* Action item:
Print the material below exactly as it stands, please, from its first line to the line holding "Scaunul de bar", with no pictures.

* Data shown:

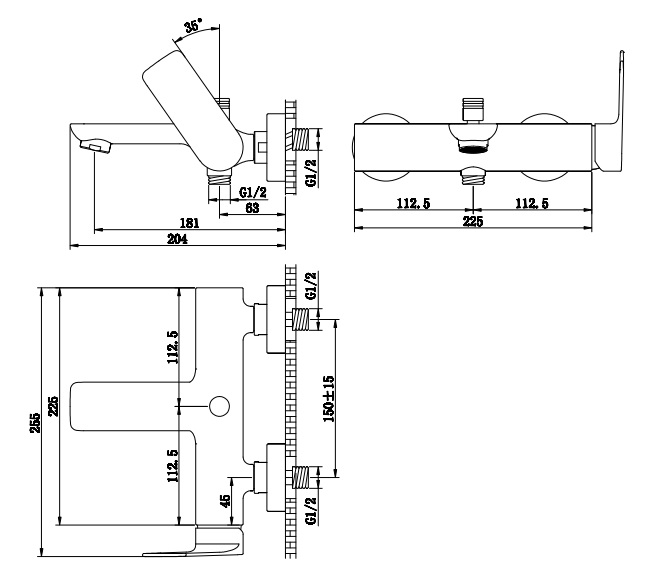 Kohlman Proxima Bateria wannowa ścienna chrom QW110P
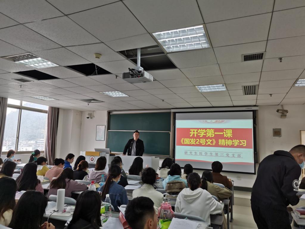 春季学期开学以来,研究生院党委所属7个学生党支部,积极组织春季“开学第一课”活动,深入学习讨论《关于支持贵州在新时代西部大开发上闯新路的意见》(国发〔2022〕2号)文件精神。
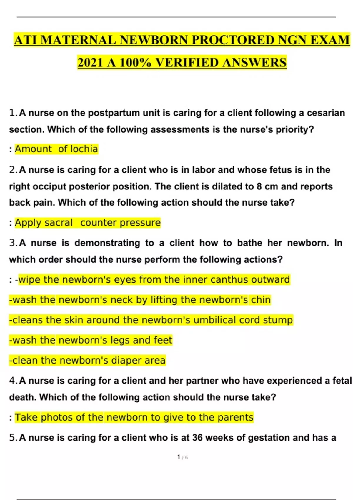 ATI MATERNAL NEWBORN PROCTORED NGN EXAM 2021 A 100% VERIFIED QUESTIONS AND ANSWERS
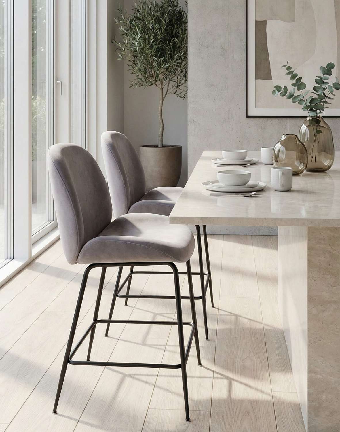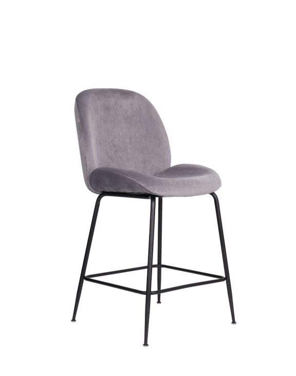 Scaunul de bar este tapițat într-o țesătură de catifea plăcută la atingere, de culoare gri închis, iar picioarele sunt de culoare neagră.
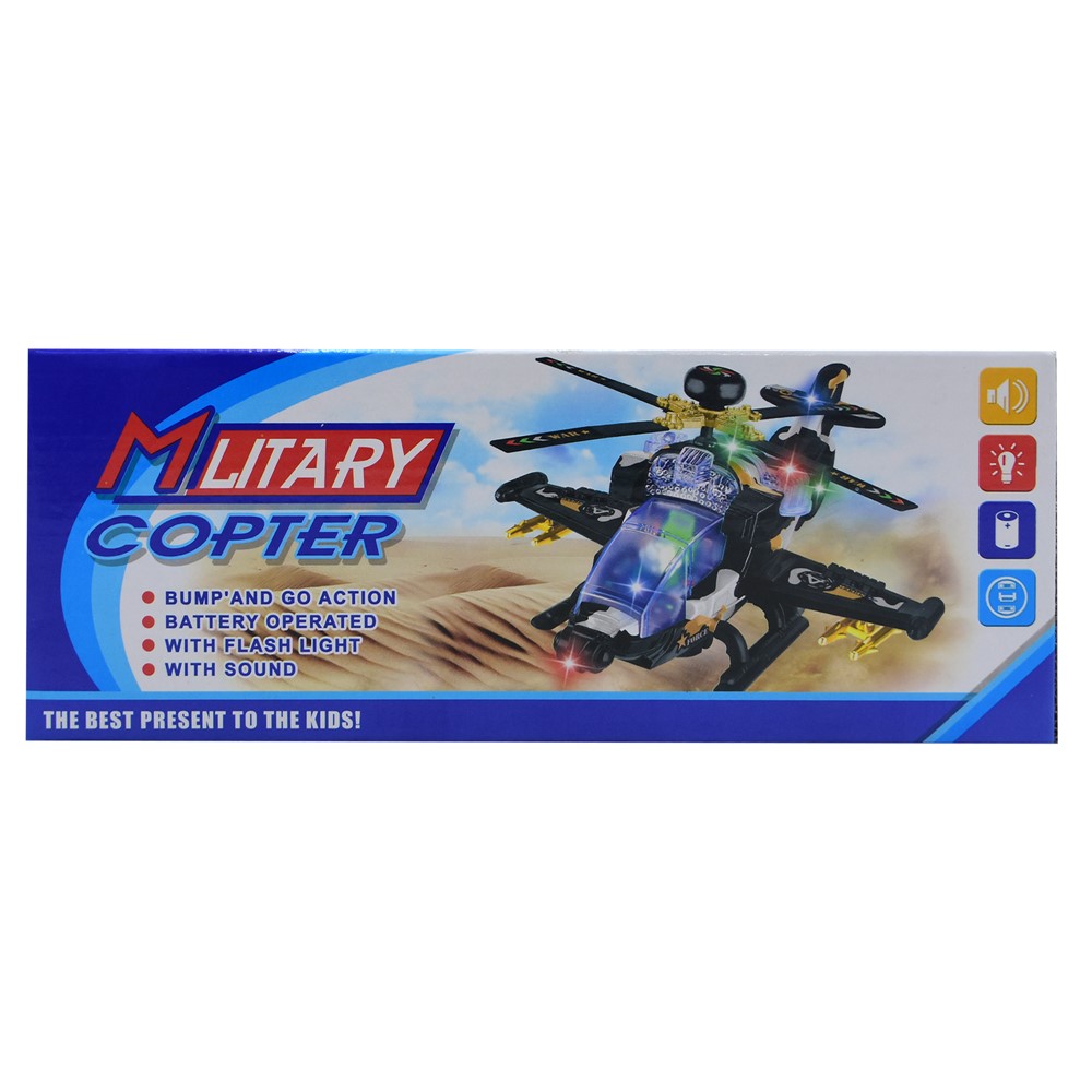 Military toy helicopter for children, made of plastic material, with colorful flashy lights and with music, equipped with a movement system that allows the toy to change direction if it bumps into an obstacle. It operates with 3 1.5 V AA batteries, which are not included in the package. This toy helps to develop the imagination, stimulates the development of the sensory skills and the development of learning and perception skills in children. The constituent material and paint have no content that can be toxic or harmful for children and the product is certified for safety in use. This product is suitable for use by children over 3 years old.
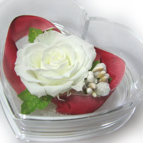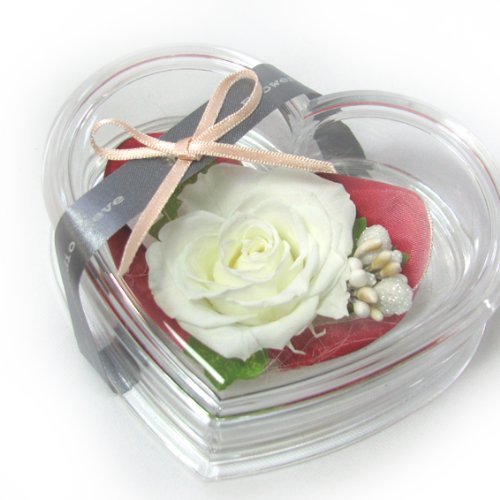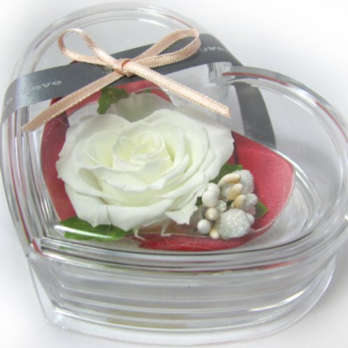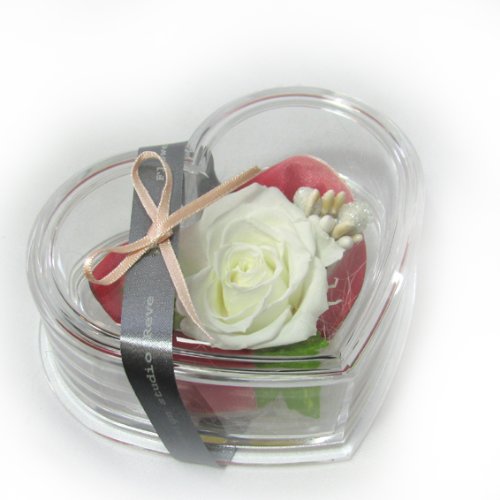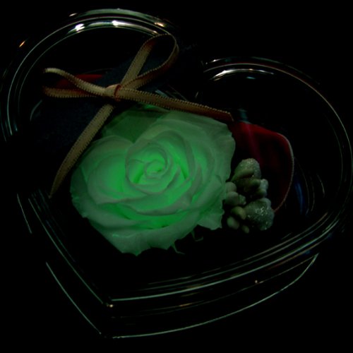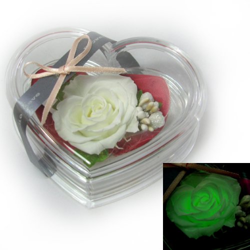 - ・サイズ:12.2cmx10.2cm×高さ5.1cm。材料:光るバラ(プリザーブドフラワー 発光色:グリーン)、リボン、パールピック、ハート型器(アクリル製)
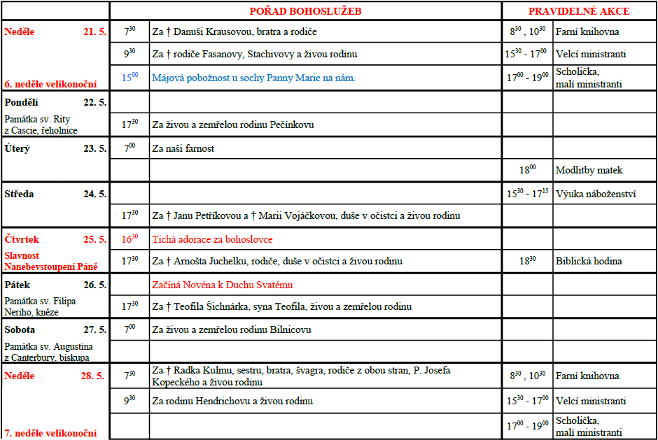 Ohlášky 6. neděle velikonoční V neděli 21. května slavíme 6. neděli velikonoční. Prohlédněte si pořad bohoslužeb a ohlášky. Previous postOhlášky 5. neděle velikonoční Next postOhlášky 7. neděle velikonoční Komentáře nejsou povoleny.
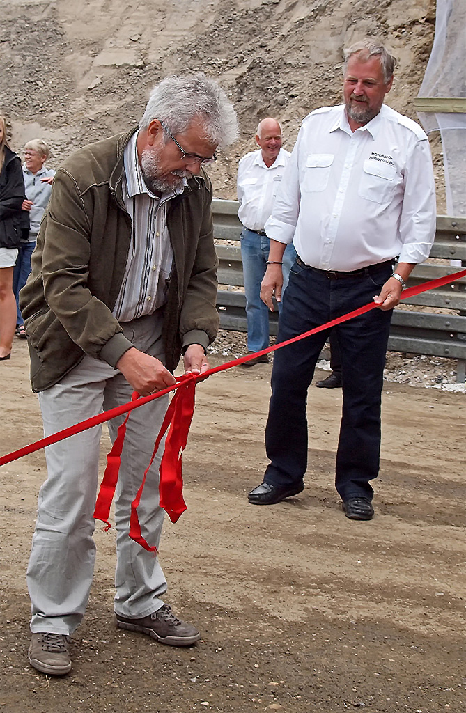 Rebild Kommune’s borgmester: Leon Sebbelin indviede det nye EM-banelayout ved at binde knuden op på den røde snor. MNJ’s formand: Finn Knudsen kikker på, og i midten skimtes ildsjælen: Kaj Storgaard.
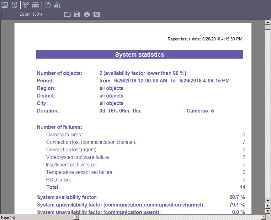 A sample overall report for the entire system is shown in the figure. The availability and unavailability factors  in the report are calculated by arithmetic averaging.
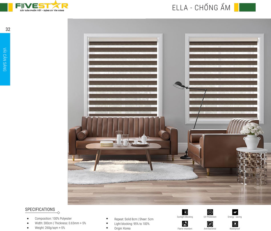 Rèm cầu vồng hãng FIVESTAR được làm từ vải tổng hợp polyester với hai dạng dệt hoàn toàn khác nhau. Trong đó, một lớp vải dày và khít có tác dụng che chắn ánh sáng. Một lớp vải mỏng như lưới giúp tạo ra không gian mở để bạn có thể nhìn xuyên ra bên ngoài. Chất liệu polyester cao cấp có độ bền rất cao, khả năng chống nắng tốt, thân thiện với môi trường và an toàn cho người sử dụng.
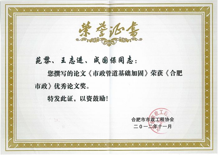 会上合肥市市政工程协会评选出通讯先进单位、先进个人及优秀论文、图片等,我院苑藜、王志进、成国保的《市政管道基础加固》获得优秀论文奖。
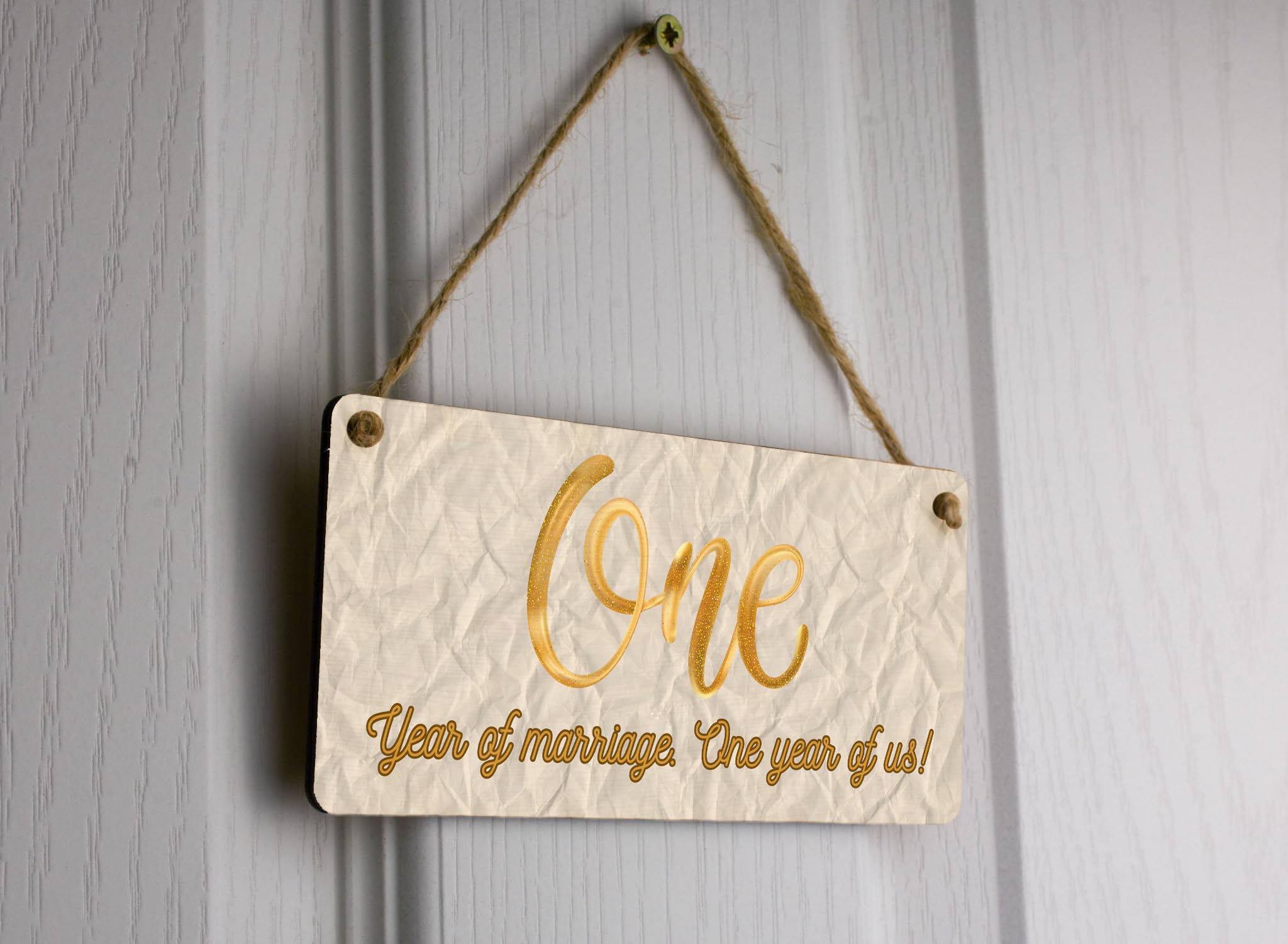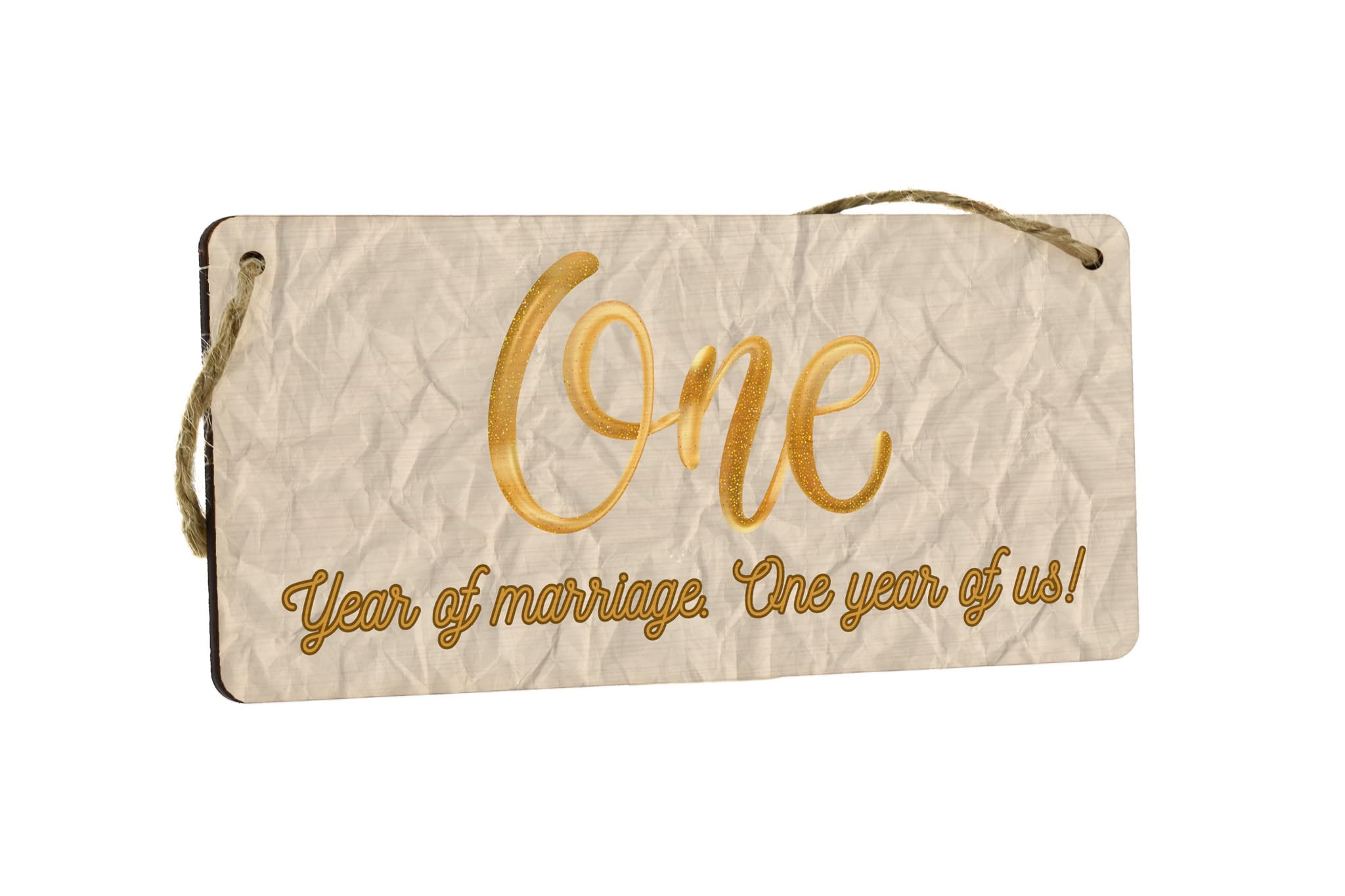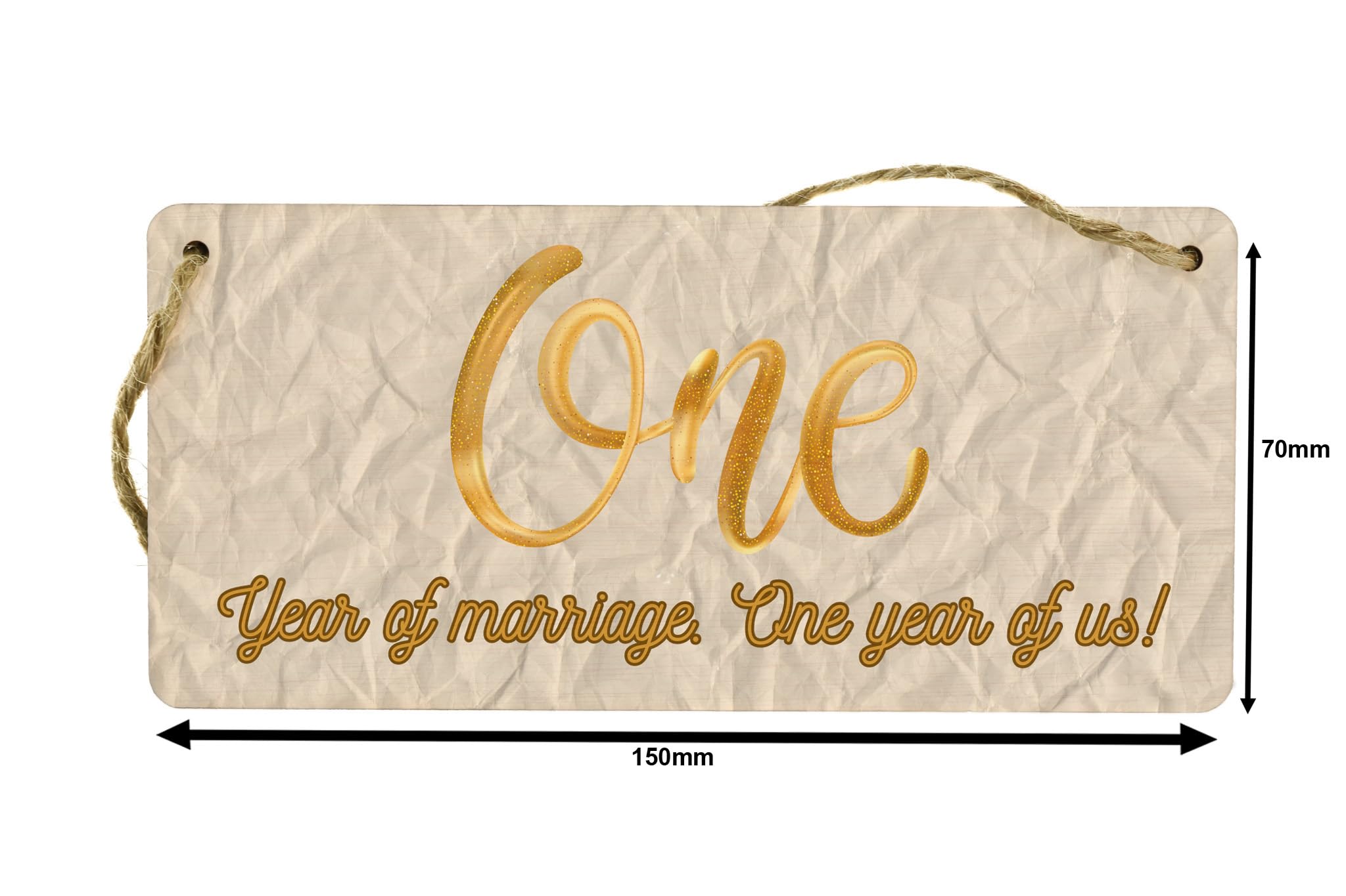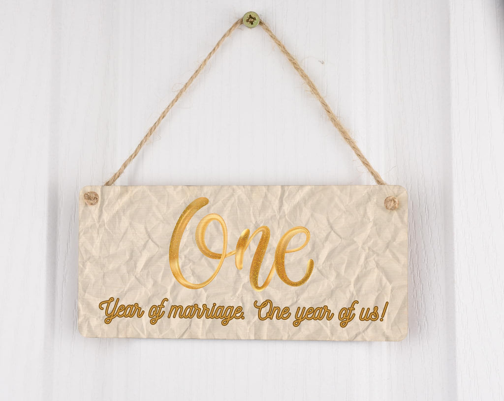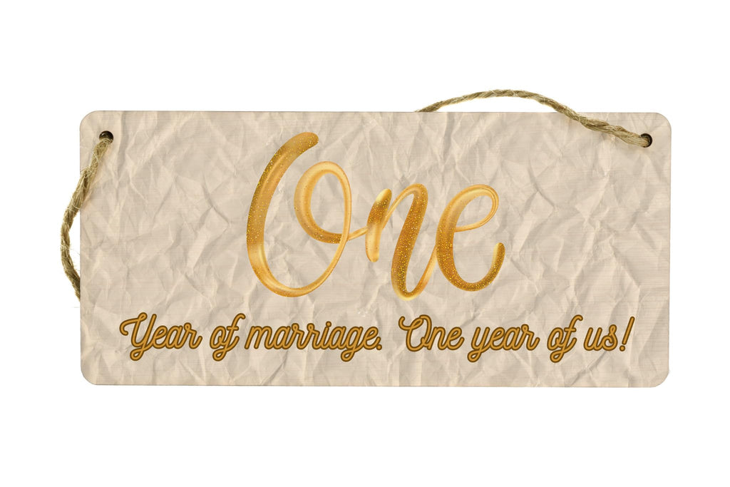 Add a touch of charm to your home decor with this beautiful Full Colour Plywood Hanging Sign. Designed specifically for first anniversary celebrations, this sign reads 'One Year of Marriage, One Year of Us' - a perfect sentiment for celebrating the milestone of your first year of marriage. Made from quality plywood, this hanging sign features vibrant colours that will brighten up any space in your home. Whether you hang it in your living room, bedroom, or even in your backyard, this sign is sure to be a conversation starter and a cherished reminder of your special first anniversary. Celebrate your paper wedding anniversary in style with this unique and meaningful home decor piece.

* Your solution:
 Kohlman Proxima Bateria wannowa ścienna chrom QW110P
 春季学期开学以来,研究生院党委所属7个学生党支部,积极组织春季“开学第一课”活动,深入学习讨论《关于支持贵州在新时代西部大开发上闯新路的意见》(国发〔2022〕2号)文件精神。
 ATI MATERNAL NEWBORN PROCTORED NGN EXAM 2021 A 100% VERIFIED QUESTIONS AND ANSWERS
 Scaunul de bar este tapițat într-o țesătură de catifea plăcută la atingere, de culoare gri închis, iar picioarele sunt de culoare neagră.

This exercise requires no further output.